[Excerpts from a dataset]
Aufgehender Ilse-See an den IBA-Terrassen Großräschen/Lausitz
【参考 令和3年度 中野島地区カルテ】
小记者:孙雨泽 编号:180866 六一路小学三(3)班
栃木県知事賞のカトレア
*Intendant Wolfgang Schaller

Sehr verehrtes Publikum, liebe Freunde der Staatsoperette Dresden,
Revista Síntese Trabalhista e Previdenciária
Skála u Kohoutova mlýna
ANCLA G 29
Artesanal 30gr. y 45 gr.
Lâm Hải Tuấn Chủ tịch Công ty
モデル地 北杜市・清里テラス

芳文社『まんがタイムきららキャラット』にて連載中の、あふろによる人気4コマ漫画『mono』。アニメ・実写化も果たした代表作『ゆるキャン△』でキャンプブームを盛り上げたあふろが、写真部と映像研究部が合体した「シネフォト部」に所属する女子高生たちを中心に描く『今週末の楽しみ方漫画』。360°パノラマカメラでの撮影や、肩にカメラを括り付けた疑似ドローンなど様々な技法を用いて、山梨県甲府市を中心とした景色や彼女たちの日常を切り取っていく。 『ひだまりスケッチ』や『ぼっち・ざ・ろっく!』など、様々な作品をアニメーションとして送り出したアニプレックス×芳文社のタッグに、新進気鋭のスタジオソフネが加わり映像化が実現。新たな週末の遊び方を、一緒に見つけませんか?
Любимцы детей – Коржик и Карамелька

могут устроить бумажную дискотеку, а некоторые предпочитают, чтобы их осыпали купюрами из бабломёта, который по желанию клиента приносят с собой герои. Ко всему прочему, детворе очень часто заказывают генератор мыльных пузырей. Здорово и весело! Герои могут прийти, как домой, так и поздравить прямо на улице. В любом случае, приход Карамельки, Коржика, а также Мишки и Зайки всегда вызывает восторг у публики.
==
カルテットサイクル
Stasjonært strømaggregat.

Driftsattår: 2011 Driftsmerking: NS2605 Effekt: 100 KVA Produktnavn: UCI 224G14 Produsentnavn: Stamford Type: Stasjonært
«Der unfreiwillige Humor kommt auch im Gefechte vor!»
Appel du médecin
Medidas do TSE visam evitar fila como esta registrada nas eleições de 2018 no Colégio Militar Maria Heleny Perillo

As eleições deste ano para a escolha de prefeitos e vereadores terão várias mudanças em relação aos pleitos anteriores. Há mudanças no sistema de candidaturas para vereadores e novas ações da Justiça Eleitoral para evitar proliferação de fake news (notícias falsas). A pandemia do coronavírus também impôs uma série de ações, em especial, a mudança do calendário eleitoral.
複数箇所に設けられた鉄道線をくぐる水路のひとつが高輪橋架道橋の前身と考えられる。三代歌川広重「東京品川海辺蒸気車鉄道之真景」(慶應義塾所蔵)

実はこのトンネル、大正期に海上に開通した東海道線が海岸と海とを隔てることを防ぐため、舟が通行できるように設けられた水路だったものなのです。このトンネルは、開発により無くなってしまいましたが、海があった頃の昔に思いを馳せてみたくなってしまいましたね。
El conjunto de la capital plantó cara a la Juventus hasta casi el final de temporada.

• _TASK ITEM_
From the entries above, write out only the lines starting at the line that holds "Appel du médecin" and ending at the line that holds "複数箇所に設けられた鉄道線を", keeping both and matching them exactly.

• _FINISHED EXERCISE_
Appel du médecin
Medidas do TSE visam evitar fila como esta registrada nas eleições de 2018 no Colégio Militar Maria Heleny Perillo

As eleições deste ano para a escolha de prefeitos e vereadores terão várias mudanças em relação aos pleitos anteriores. Há mudanças no sistema de candidaturas para vereadores e novas ações da Justiça Eleitoral para evitar proliferação de fake news (notícias falsas). A pandemia do coronavírus também impôs uma série de ações, em especial, a mudança do calendário eleitoral.
複数箇所に設けられた鉄道線をくぐる水路のひとつが高輪橋架道橋の前身と考えられる。三代歌川広重「東京品川海辺蒸気車鉄道之真景」(慶應義塾所蔵)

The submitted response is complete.